In some aspects, NASCAR has come to realize what many fans have known for a long time — a good part of its future lies in its past.
Could the same be true of North Wilkesboro Speedway?
After years and years of clamoring by fans, NASCAR finally this year committed to wholesale Cup Series schedule changes, adding a number of road courses — which many love — and also adopting some throwback style by adding a dirt race at Bristol this past weekend — which provided some nice variety and a pretty good show — and announcing plans to convert two-mile California into a half-mile while continuing to eye a return to the Nashville Fairgrounds — meeting the top demand of more short tracks.
Well, North Wilkesboro certainly is a throwback. It’s a short track, too. And at the beginning of its life, it was dirt. With NASCAR already leaning in all of those directions anyway, could NWS be transformed into the sport’s own dedicated dirt track on a permanent basis?

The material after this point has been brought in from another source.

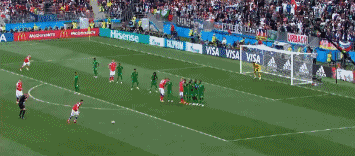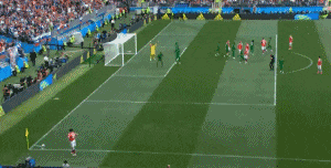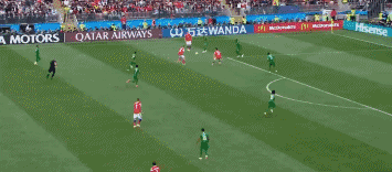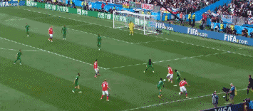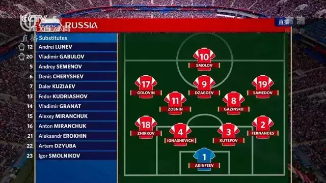 第12分钟,左侧戈洛文起脚传中球,小禁区前沿右侧加津斯基跟进甩头攻门!皮球非入球门左侧,1-0!2018年世界杯首粒进球诞生!

While many consider it a lost cause as time and nature have been unkind to the facility that mostly has been derelict since 1996, its owners apparently don’t. Marcus Smith — son of Speedway Motorsports Inc. CEO Bruton Smith and the company’s president — told Dale Earnhardt Jr. on his Dale Jr. Download podcast last week that he’s constantly considering ideas for the venerable old track.
Now, we’ve heard things like that before and it’s going to cost a lot of money to bring the track back to life no matter the approach, but bringing it back as a dirt track could prove to be a little more practical and resurrecting it would be pretty popular with the traditional fan base no matter what, all while giving a nod to the speedway’s roots.
North Wilkesboro was dirt from the time it was built in 1946 and opened the following year — before NASCAR was even founded — up until the second half of 1957 when it was paved. The track hosted modified races its first two years before playing host to the first ever Cup season finale in 1949, when the series was known as the Strictly Stock division. Bob Flock won the race and Red Byron received the championship trophy.
After again hosting one Cup race in 1950, NWS from that point on was the site of two races for NASCAR’s top division in every season except 1956 up until the track was abandoned at the end of 1996.
Speedway Motorsports and partner Bob Bahre each purchased 50% stakes in the track in 1995 and 1996, then used their new ownership to strip North Wilkesboro of its two Cup race dates and give them to SMI’s new Texas track and Bahre’s New Hampshire oval, marking its second date on the schedule.
The moves essentially turned out to be as ridiculous as they sound to any diehard NASCAR fan.
New Hampshire lost one of its two races after 2017 and Texas is like SMI’s own version of the Lost Cause, an incessantly hyped venue with a boisterous track president in Eddie Gossage, yet a facility that produces less-than-exciting competition and does so in a part of the country that doesn’t really care that much about racing, anyway.
NASCAR already has affirmed its commitment to continue on dirt with a renewal for the Bristol dirt experiment for 2022 announced even before last month’s race concluded. At some point, though, it will become too expensive and too tedious for SMI to want to convert its most popular track from concrete to dirt every season.
That’s where a place like North Wilkesboro Speedway could come in.
For a one-time expense, albeit large, the 5/8-mile oval with its signature downhill frontstretch and uphill backstretch could be NASCAR’s signature, exclusive dirt track. With a race date taken from Texas just for good measure, that would instantly be a hot ticket to grab and likely would continue to be so as the product of heavy stock cars on red clay is annually improved.
All the while, it’d be a great move of goodwill for race fans and those of us who live in the foothills of North Carolina who could once more admire our home-gown NASCAR track.
Bruton Smith needed extra security for the last Cup race at North Wilkesboro in 1996, but Marcus Smith could receive a warm welcome if he brings a plan like this to fruition.